The EFF has managed to use the six percent electoral support it garnered in 2014 to put on the national agenda hot button topics like land expropriation and the nationalisation of the SA Reserve Bank.
"From the beginning we were already doing better than 2014 because at the very first moment we have been gaining. We have already said that even if we gain one vote we will use it," Mpofu said.
Mpofu said the EFF had not necessarily lodged any formal complaints or objections about reported widespread voting irregularities throughout the country, but said they were among the many concerned organisations.
"We are part of a group of parties that are concerned about the double voting.

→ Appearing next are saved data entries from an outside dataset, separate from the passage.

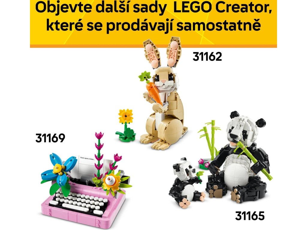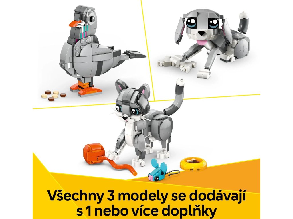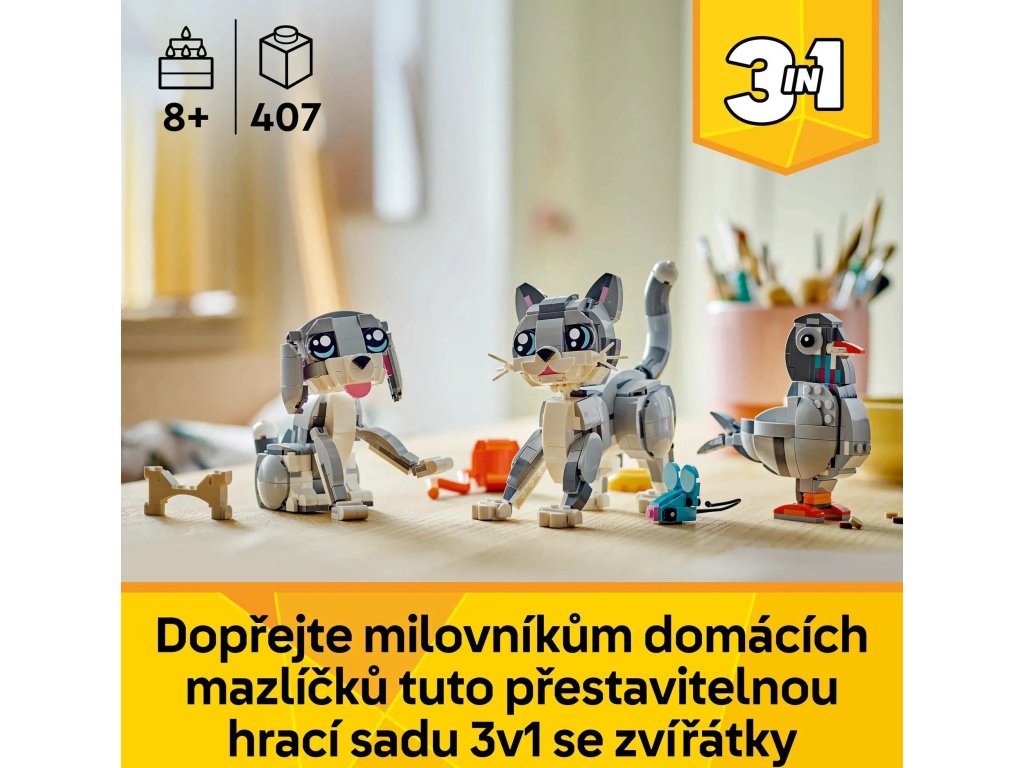 Potěšte milovníky domácích mazlíčků od 8 let rozkošnou stavebnicí LEGO® Creator 3 v 1 (31163) Hravá kočka. S touto stavebnicí domácích mazlíčků si postavíte roztomilou kočku s pohyblivou hlavou, ušima, ocasem a nohama a doplňky, včetně misky na krmení, myši a klubíčka, a děti se s ní můžou hrát na zábavné příběhy. Holky a kluci si s touto stavebnicí LEGO postaví hned 3 různé modely zvířátek ze stejných kostek: pohyblivou kočku, která může sedět, stát a skákat, pohyblivého roztomilého pejska s kostí a model holuba s drobky. Díky těmto 3 modelům se jedná o skvělý dárek LEGO, který si děti můžou vystavit a užít si s ním nápadité hraní. Stavebnice LEGO Creator 3 v 1 inspirují děti ke kreativnímu stavění – v každé krabici najdou dílky k sestavení a přestavování 3 různých modelů. Se stavebnicemi 3 v 1 si postaví modely inspirované jejich zájmy, včetně superrychlých vozidel, úžasných zvířat a propracovaných domů. Upozorňujeme, že modely nelze sestavit současně.Doplňkové parametry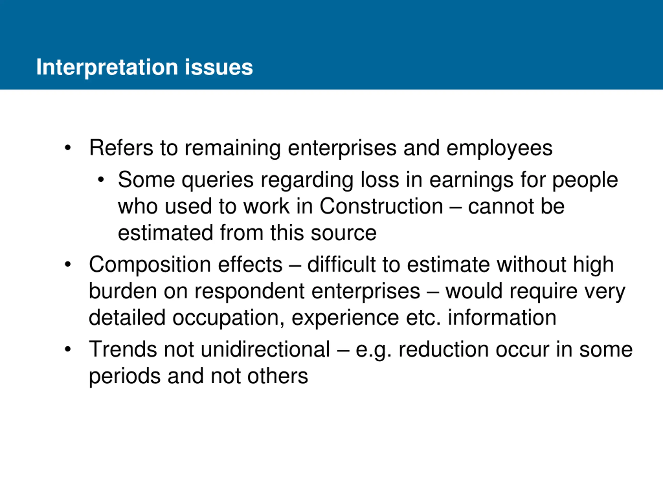 Interpretation issues Refers to remaining enterprises and employees Some queries regarding loss in earnings for people who used to work in Construction cannot be estimated from this source Composition effects difficult to estimate without high burden on respondent enterprises would require very detailed occupation, experience etc. information Trends not unidirectional e.g. reduction occur in some periods and not others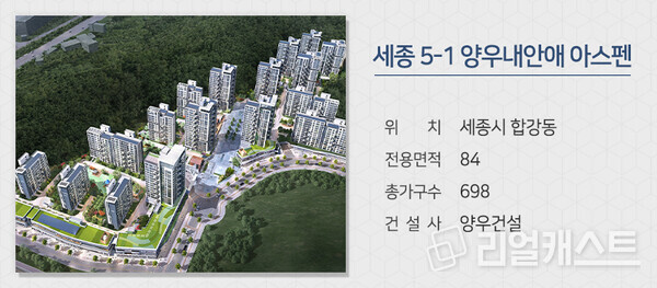 양우건설이 세종시 합강동 세종5-1생활권 첫 분양 단지인 ‘세종 5-1 양우내안애 아스펜’을 분양합니다. 세종 5-1생활권은 세종 스마트시티 국가시범도시로 지정됐으며, 단지 인근에 초·중·고교도 예정돼 있습니다. 미호천, 금강, 출동산, 합호서원 역사공원 등 녹지가 풍부합니다.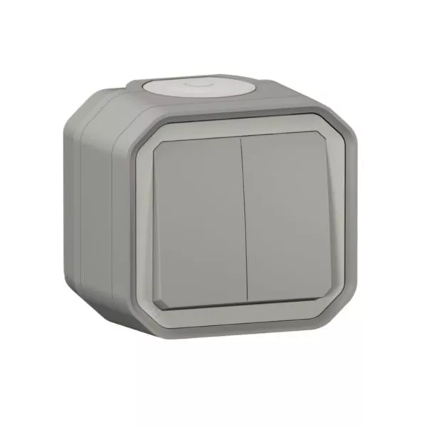Commande pour fonction double interrupteur ou va-et-vient 10A ou poussoir 10A étanche Plexo complet pour montage en apparent gris

I think the other irregularities are normal, it's a big election. But that issue of double voting is concerning because we don't know the extent of the double voting," he said.
Chief electoral officer Sy Mamabolo said on Thursday the IEC would conduct an audit of results and votes cast in a sample of voting stations to ascertain if double voting had occurred in the national elections.
Mpofu also added that this was a "very difficult time" for the EFF as party leader, commander in chief (CIC) Julius Malema, who is in mourning following the death of his grandmother.
"We don't even know how we are going to handle these results because normally we would have a press conference here on Friday with out CIC, but that is now a day before the funeral. We will come back to you guys to say whether we will communicate or just issue a statement," Mpofu said.